### REQUIRED ACTION
Report every line of the listing below in which the string "easy" appears.

### DATA SUPPLIED
---------------

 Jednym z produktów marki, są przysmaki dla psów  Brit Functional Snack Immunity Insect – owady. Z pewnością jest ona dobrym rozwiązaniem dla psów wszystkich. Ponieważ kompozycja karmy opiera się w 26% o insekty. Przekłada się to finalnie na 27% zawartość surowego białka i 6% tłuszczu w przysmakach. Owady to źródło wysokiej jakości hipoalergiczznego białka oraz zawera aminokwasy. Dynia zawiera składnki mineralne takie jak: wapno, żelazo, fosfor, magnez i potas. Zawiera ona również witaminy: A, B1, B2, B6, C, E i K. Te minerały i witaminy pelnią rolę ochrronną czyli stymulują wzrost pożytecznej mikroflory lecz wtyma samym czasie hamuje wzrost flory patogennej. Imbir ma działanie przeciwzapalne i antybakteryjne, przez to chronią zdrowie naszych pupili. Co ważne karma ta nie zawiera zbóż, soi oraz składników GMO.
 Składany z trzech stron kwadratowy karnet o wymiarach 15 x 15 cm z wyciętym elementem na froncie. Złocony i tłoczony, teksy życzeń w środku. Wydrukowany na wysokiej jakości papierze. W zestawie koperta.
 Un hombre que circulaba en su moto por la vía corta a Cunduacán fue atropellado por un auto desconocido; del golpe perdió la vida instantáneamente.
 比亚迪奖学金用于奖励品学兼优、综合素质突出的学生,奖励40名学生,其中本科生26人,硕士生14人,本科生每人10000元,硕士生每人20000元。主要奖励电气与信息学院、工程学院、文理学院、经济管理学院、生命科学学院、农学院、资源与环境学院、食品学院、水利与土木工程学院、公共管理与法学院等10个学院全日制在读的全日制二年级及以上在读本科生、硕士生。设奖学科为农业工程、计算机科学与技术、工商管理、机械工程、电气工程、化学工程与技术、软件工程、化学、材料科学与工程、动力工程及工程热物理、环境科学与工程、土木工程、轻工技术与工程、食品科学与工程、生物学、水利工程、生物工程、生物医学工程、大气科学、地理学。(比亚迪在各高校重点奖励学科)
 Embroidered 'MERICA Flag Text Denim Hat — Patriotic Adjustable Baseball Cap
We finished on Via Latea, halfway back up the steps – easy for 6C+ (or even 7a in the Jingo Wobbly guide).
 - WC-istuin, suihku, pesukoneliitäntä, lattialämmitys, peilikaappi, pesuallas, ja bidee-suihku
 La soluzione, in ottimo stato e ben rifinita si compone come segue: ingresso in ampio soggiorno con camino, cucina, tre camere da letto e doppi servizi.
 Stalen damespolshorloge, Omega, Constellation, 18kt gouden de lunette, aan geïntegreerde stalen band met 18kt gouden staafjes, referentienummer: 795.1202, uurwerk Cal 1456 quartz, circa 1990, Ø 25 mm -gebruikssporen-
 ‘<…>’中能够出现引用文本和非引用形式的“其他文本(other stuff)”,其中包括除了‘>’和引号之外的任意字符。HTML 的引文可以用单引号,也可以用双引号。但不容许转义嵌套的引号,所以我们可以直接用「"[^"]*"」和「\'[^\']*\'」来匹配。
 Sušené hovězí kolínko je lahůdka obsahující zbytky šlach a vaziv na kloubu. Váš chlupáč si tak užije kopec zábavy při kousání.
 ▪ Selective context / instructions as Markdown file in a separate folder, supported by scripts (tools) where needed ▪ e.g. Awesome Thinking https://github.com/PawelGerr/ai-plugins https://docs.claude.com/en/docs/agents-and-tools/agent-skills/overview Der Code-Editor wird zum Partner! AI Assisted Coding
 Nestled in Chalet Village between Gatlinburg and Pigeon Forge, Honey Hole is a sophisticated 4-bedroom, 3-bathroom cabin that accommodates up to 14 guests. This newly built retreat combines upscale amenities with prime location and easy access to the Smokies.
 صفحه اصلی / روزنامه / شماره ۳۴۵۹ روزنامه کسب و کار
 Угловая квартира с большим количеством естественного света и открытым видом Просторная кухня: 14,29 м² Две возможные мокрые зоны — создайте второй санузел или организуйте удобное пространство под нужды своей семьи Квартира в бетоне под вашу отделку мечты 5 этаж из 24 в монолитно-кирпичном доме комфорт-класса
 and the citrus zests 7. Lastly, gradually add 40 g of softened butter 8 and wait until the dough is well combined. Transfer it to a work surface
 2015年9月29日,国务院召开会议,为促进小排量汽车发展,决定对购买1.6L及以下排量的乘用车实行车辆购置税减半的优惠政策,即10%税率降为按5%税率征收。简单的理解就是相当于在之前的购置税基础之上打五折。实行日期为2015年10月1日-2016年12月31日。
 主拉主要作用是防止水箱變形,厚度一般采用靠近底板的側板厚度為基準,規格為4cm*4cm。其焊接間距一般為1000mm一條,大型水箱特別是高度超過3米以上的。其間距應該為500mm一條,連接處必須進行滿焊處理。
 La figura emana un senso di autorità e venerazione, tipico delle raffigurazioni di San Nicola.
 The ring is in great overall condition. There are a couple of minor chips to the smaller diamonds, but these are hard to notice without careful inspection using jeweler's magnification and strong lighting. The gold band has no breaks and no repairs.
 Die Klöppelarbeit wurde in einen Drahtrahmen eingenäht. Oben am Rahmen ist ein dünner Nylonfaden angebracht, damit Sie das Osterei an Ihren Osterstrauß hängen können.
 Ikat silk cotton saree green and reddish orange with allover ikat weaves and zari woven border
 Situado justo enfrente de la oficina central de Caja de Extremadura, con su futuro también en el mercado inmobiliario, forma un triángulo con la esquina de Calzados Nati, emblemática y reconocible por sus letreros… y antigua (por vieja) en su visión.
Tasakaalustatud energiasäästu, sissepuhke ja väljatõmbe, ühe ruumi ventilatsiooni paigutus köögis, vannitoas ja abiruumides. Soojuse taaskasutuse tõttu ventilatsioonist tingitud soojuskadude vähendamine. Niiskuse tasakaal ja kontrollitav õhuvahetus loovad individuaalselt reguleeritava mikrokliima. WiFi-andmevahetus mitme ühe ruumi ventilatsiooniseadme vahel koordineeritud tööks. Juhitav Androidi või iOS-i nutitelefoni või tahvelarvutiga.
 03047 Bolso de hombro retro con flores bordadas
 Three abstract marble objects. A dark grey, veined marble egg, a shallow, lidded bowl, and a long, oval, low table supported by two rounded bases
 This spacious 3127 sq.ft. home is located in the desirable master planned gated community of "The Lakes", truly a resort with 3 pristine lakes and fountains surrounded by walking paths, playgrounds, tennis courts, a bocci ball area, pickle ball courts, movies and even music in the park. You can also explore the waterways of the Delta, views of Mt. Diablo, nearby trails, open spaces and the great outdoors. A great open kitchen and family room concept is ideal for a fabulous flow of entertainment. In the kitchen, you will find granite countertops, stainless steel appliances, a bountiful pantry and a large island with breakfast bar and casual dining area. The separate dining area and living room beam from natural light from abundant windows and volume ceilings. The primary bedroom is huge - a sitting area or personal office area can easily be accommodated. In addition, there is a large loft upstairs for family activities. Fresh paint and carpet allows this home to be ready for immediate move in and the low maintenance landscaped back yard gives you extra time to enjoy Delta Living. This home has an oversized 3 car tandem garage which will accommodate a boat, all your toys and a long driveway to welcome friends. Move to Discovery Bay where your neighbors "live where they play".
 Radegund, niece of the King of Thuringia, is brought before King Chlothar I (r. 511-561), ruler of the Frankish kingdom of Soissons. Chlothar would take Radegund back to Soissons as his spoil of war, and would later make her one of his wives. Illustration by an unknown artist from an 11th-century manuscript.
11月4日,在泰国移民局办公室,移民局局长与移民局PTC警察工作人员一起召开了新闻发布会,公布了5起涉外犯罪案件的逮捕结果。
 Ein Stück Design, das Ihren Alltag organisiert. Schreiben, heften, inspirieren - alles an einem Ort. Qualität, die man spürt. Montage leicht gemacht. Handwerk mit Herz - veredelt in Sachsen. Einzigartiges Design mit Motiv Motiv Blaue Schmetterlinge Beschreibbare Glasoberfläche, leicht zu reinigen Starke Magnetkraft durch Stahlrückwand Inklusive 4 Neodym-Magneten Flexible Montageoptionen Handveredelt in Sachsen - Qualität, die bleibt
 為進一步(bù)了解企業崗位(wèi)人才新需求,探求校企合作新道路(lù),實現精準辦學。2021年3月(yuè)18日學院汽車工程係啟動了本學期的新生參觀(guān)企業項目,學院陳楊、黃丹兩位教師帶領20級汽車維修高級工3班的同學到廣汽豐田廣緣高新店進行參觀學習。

---------------

### RESPONSE TO THE EXERCISE
We finished on Via Latea, halfway back up the steps – easy for 6C+ (or even 7a in the Jingo Wobbly guide).
 Nestled in Chalet Village between Gatlinburg and Pigeon Forge, Honey Hole is a sophisticated 4-bedroom, 3-bathroom cabin that accommodates up to 14 guests. This newly built retreat combines upscale amenities with prime location and easy access to the Smokies.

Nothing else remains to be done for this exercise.